▸ How to complete this task
The required output is an exact restatement of the lines, starting with the one that contains "立减8元上海419论坛以爱情" and finishing with the last line of the listing. It contains no pictures.

----- Recorded information

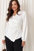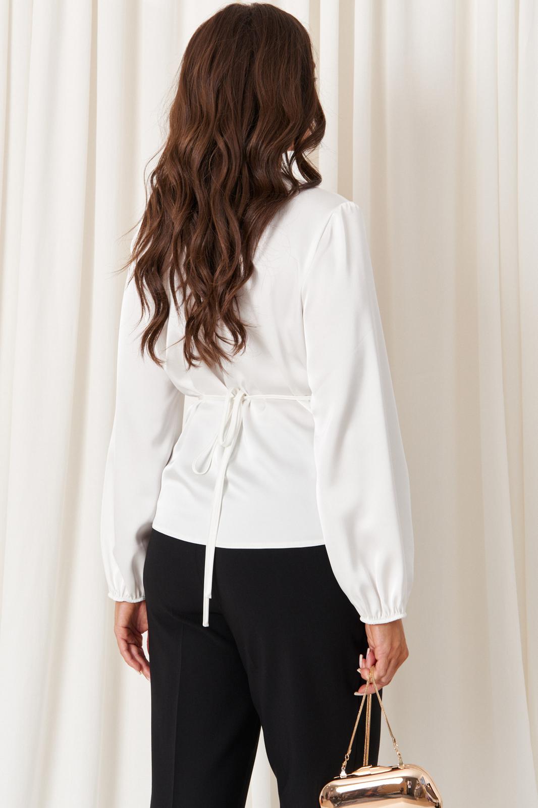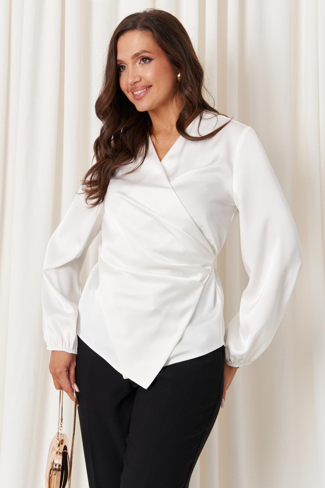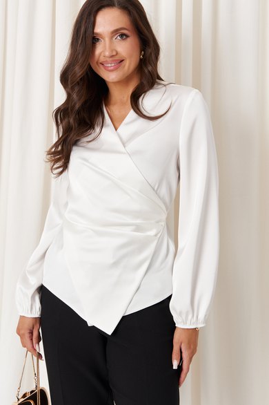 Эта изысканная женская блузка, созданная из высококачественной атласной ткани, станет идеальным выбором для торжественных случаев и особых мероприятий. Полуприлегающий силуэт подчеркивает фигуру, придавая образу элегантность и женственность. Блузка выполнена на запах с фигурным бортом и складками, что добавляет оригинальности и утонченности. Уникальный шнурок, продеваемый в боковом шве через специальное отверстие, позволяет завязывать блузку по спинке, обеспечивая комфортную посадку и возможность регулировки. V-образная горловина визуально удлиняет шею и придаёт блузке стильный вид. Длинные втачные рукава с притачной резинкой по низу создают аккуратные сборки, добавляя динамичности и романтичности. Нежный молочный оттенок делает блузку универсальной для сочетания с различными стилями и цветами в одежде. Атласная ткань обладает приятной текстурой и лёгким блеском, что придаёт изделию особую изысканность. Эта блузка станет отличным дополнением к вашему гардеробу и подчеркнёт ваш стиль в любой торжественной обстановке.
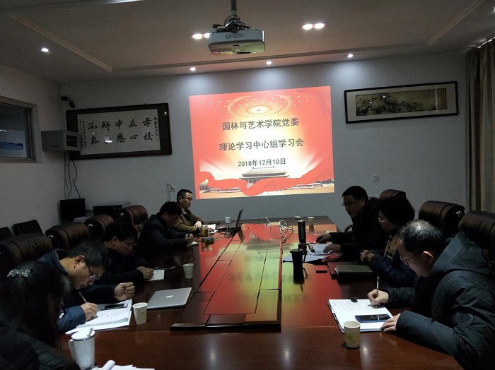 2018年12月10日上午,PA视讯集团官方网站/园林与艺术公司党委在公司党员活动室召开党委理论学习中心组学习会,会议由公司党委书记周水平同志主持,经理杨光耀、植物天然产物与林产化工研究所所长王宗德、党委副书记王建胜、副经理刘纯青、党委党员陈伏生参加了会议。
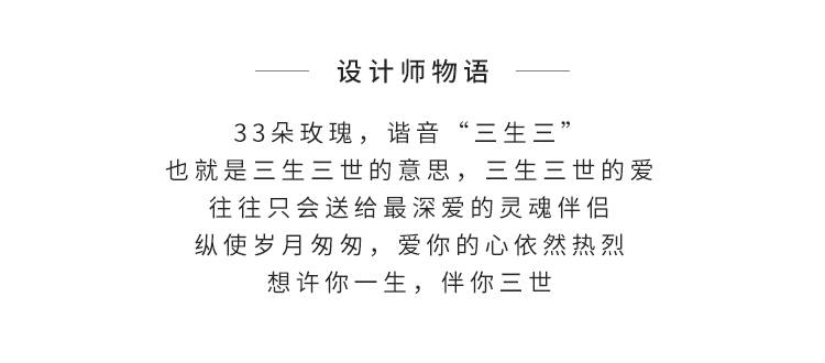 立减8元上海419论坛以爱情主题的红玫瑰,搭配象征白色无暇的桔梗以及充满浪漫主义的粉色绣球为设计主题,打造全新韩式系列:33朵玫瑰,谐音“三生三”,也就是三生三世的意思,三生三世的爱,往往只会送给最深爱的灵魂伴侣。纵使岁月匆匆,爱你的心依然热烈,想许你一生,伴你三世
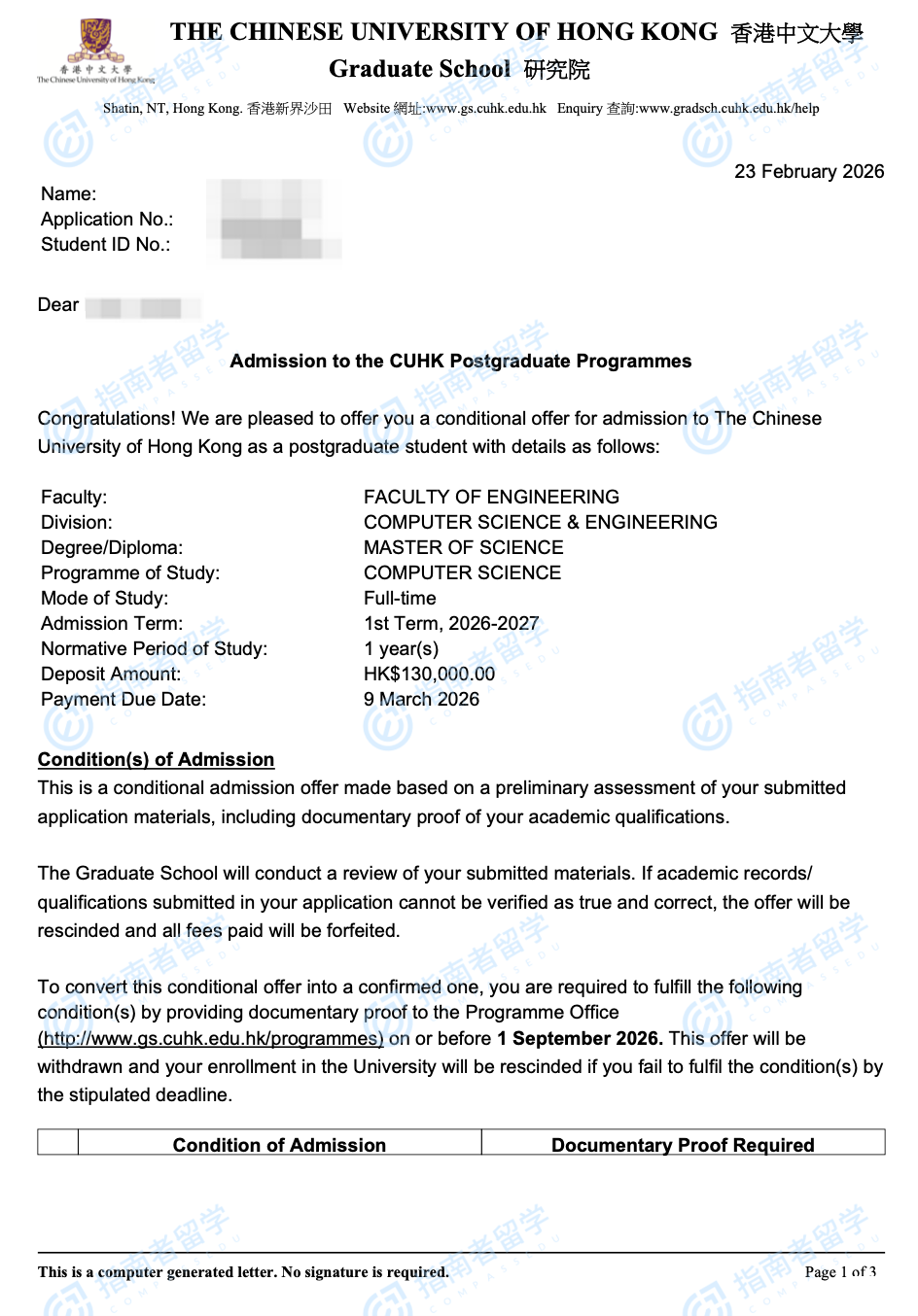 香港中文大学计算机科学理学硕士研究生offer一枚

----------

▸ Answer to this problem
 立减8元上海419论坛以爱情主题的红玫瑰,搭配象征白色无暇的桔梗以及充满浪漫主义的粉色绣球为设计主题,打造全新韩式系列:33朵玫瑰,谐音“三生三”,也就是三生三世的意思,三生三世的爱,往往只会送给最深爱的灵魂伴侣。纵使岁月匆匆,爱你的心依然热烈,想许你一生,伴你三世
 香港中文大学计算机科学理学硕士研究生offer一枚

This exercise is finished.